Jueves de la II Semana Ordinaria

1 Sam 18, 6-9; 19, 1-7

Hoy hemos mirado una realidad humana muy negativa: la envidia, y una realidad muy positiva: la amistad.

La victoria de David sobre Goliat, sus siguientes victorias, el éxito de su popularidad, los cantos elogiosos de las jóvenes, desatan el rencor de Saúl, rencor que va hasta el intento de matarlo.  Llegó a atacarlo con una lanza.  Lo envidiaba pero le convenían sus servicios.  Lo honró hasta darle por esposa a su hija Mikol,  pero lo vio cada vez más como un temible rival.  La amistad de Jonatán, hijo de Saúl, y David aparece con notas muy marcadas en la Santa Escritura: «lo amaba como a sí mismo»,  dice.
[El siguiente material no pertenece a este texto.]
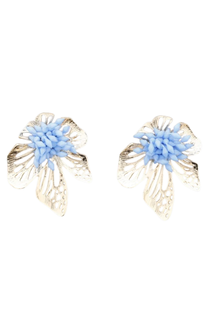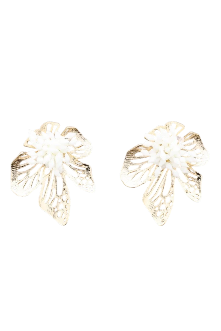 Pendientes con forma de flor en metal y detalles de beads acrílicos con un ligero brillo en el centro, elegantes, favorecedores y llenos de estilo. El complemento perfecto para completar tu look tanto en tus looks más casuales o bien en bodas, celebraciones o eventos especiales.

Los razonamientos de Jonatán son muy claros: «David no te ha hecho nada, te ha ayudado».

La historia de la salvación se va realizando de cosas luminosas y obscuras, malas y buenas, pequeñas y grandiosas.

Mc 3, 7-12

Contrasta el entusiasmo por el seguimiento y la apertura a Jesús de parte del pueblo y la cerrazón y el rechazo de la clase dirigente.

Hoy nos presenta el evangelista Marcos la amplitud de orígenes de los que quieren acercarse al Señor.  Esto es una mirada a la apertura de la salvación, a la universalidad del llamado.  Lo único que se pide es fe, buena voluntad.  La salvación ya no está más circunscrita a una región, a una raza, a una categoría.  Cuántas veces en los Evangelios nos aparecen los no judíos; recordemos al centurión romano, a los considerados «malos”; recordemos a los samaritanos, a los publicanos y pecadores, más cercanos al mensaje de Cristo y a su salvación que los considerados «buenos» y religiosos: los fariseos y lo escribas.

¿Estamos fundados más en nuestra pertenencia a tal grupo, a tal movimiento, al tal estatuto, o a la verdadera fe, humildad, a la auténtica caridad?